What is a Blood Blister

by Stuart

Blood blisters are small fluid-filled sores, which usually appear on or around the lips. They usually appear shortly after colds and other illnesses. They are caused by the herpes simplex virus. They are often called cold sores, and affect 60-80% of Americans. They are also the most common manifestation of the herpes virus.

The first outbreak of blood blister is almost always more painful than recurrent outbreaks. The first time you get cold sores, they will usually be inside your mouth – usually on the gums, tongue or throat. Usually the outbreak is accompanied by fever (hence the name), swollen lymph nodes, and difficulty swallowing. Usually these outbreaks resolve themselves within a week, but treatment is recommended if it lasts longer than that.

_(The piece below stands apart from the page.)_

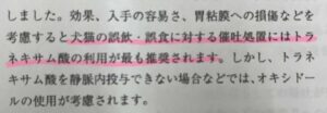 トランサミンは止血剤です。抗炎症作用もあり、ヒトでは風邪でもインフルでもコロナでも飲み薬として処方されます。

Once a person has already been exposed to the herpes simplex virus, the virus lives in specific cells of the body. The virus can reactivate at any time, but usually a trigger is required. Skin trauma, stress, menstruation, sun exposure and fever are all common triggers. When the virus is reactivated, small sores will appear on and around the lips. At first, the blood blister will appear only as small red or white dots, and will slowly develop over the next 3-5 days. They will become filled with fluid, and eventually crust over. Outbreaks are not extremely common, but most people report having about 2 outbreaks per year.

Before blisters actually form, you can usually feel them coming. This is because prodromes, or symptoms before the main outbreak, are common with herpes. Usually people will feel tingling, burning or general pain in the area around the mouth. These prodomes can last anywhere from 2 hours to 2 days. Ideally, treatment should be started as soon as symptoms start to worsen.

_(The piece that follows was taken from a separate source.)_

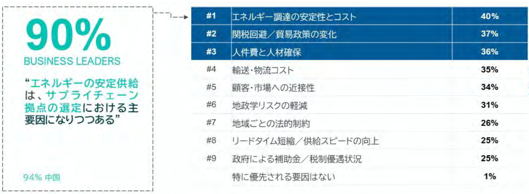 レポートによると、サプライチェーンの拠点選定における意思決定要因として、「エネルギー調達の安定性とコスト」を挙げた回答が40%でトップとなった。これは、従来の定石であった「人件費と人材確保」(36%)や「関税回避」(37%)を上回る結果だ。背景には、90%の企業が「信頼性の高いエネルギーインフラには追加コストを支払っても構わない」と回答するなど、電力供給に対する強い危機感がある。

If you are not sure if you have blisters or not, you can usually make sure by observing them over 8-12 days. It usually takes about that long for a cold sore to run its course. It will start as a prodome, which is identified by tingling sensations. Next, it will blister and fill with fluid. Blisters usually form small clusters, and are very small in size. After that, blisters will usually rupture 1-3 days after they form. This results in a shallow red ulceration which eventually turns gray. This is usually the most painful stage, and also the stage when the sores are most contagious. After they rupture, the cold sores will usually crust over. Sores will usually be itchy and irritable in this stage, and if the skin gets too dry the scabs can crack, causing bleeding. If this happens, try to keep your skin as moist as possible by using Vaseline or another moisturizer. Usually cold sores take a while to heal, and often 2-4 scabs will develop and peel off one by one before a sore is fully healed. This can be a tedious process, but it’s best to let your sores heal on their own, and not bother them.